KUNINGAN — Badan Pengawas Pemilihan Umum (Bawaslu) Kuningan sedang tidak ingin kecolongan. Di tengah tahapan Pemutakhiran Data Pemilih Berkelanjutan (PDPB) 2026, para pengawas pemilu ini melakukan manuver pengawasan melekat untuk memastikan tidak ada “data hantu” yang tersisa dalam daftar pemilih yang tengah digarap KPU Kabupaten Kuningan.
Selama dua hari, 22–23 April 2026 lalu, jajaran pimpinan Bawaslu Kuningan turun langsung menyisir 18 desa di tiga kecamatan, diantaranya Kadugede, Sindangagung, dan Kramatmulya. Hasilnya tidak main-main, sebanyak 117 perubahan data pemilih ditemukan, mayoritas karena peristiwa kematian dan perpindahan domisili yang belum tercatat secara presisi.
Agus Khobir Permana, Koordinator Divisi Pencegahan, Partisipasi Masyarakat, dan Humas (P2HM) Bawaslu Kuningan, menegaskan bahwa akurasi data adalah harga mati bagi integritas pemilu. Bersama rekan sejawatnya, Dadan Yuardan Firdaus (Divisi HPS) dan Yayan Supriyatna (Divisi SDMO), mereka memastikan setiap lembar formulir Coktas di lapangan bukan sekadar isian administratif, melainkan representasi hak konstitusional warga.

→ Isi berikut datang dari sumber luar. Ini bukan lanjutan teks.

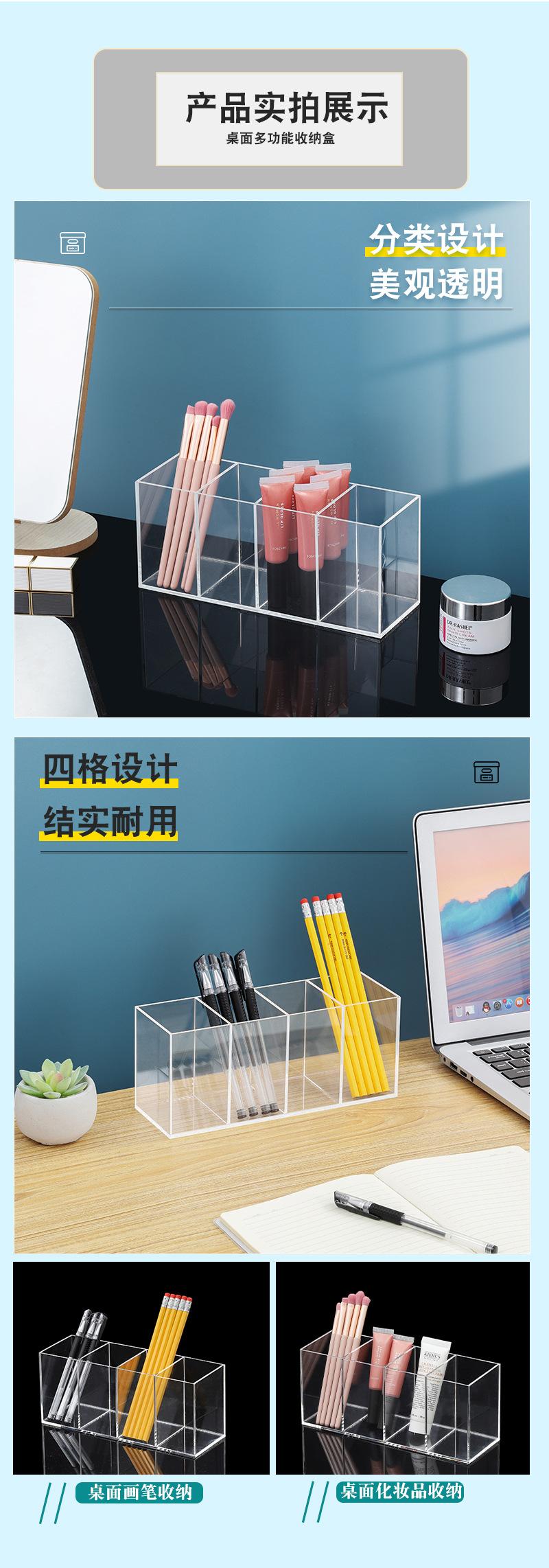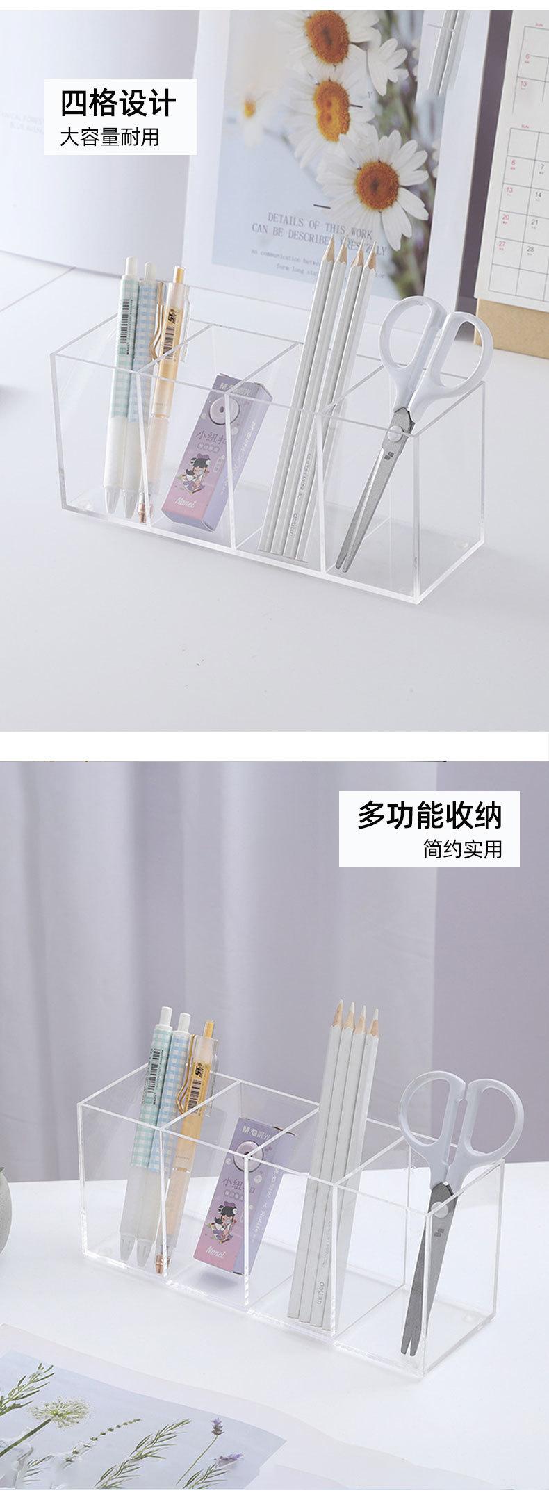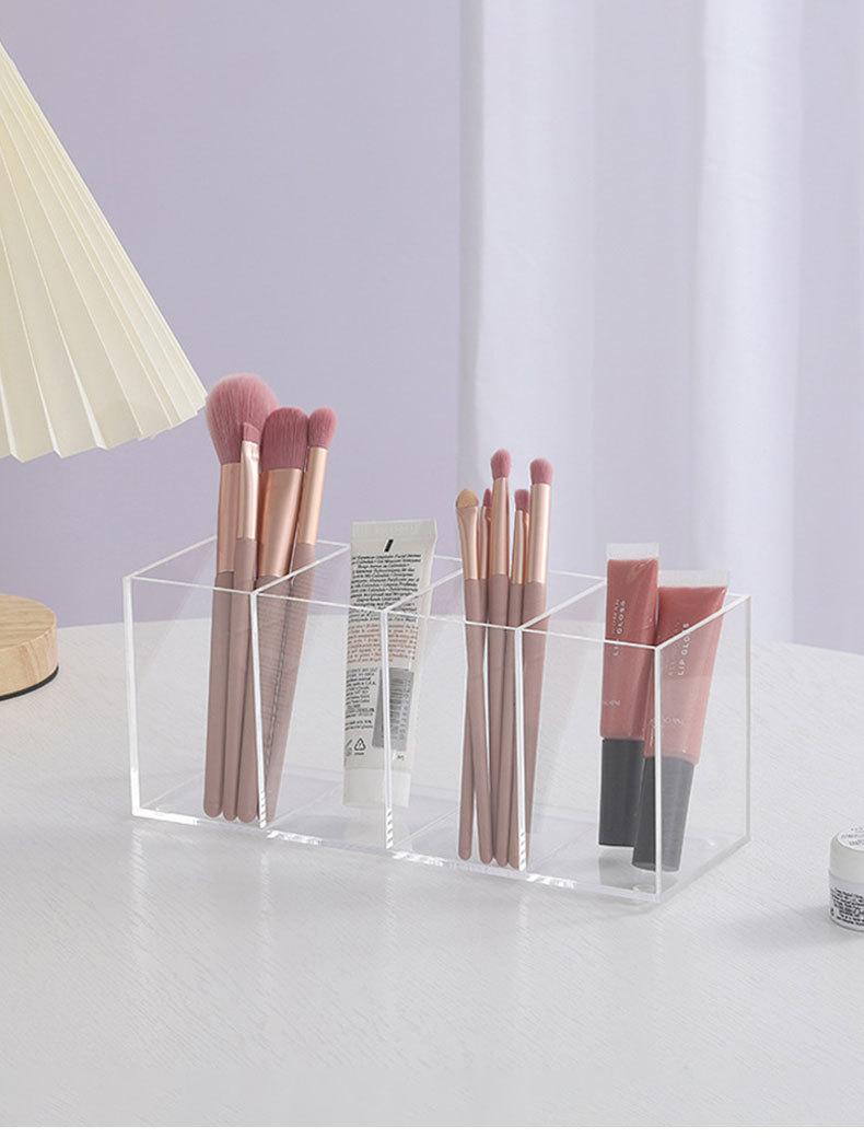 Organizador Acrílico para Bolígrafos, Caja de Almacenamiento de Cuatro Compartimentos, Organizador de Escritorio para Brochas de Maquillaje y Cosméticos, Cajón con Compartimento, Almacenamiento para Tocador

Dari hasil pengawasan di lapangan, Kecamatan Kadugede menyumbang angka perubahan cukup signifikan dengan 28 pemilih yang diketahui telah meninggal dunia dan 17 lainnya pindah keluar. Pola serupa terlihat di Sindangagung dan Kramatmulya, di mana puluhan data pemilih harus segera “dibersihkan” agar tidak menjadi celah kerawanan di masa depan.
Secara kumulatif, temuan 117 data yang berubah ini menunjukkan betapa krusialnya pengawasan di level akar rumput. Tanpa verifikasi faktual, data pemilih yang tidak mutakhir berpotensi menggelembungkan angka daftar pemilih tetap (DPT) yang pada akhirnya bisa mengganggu kalkulasi logistik dan potensi manipulasi hak pilih.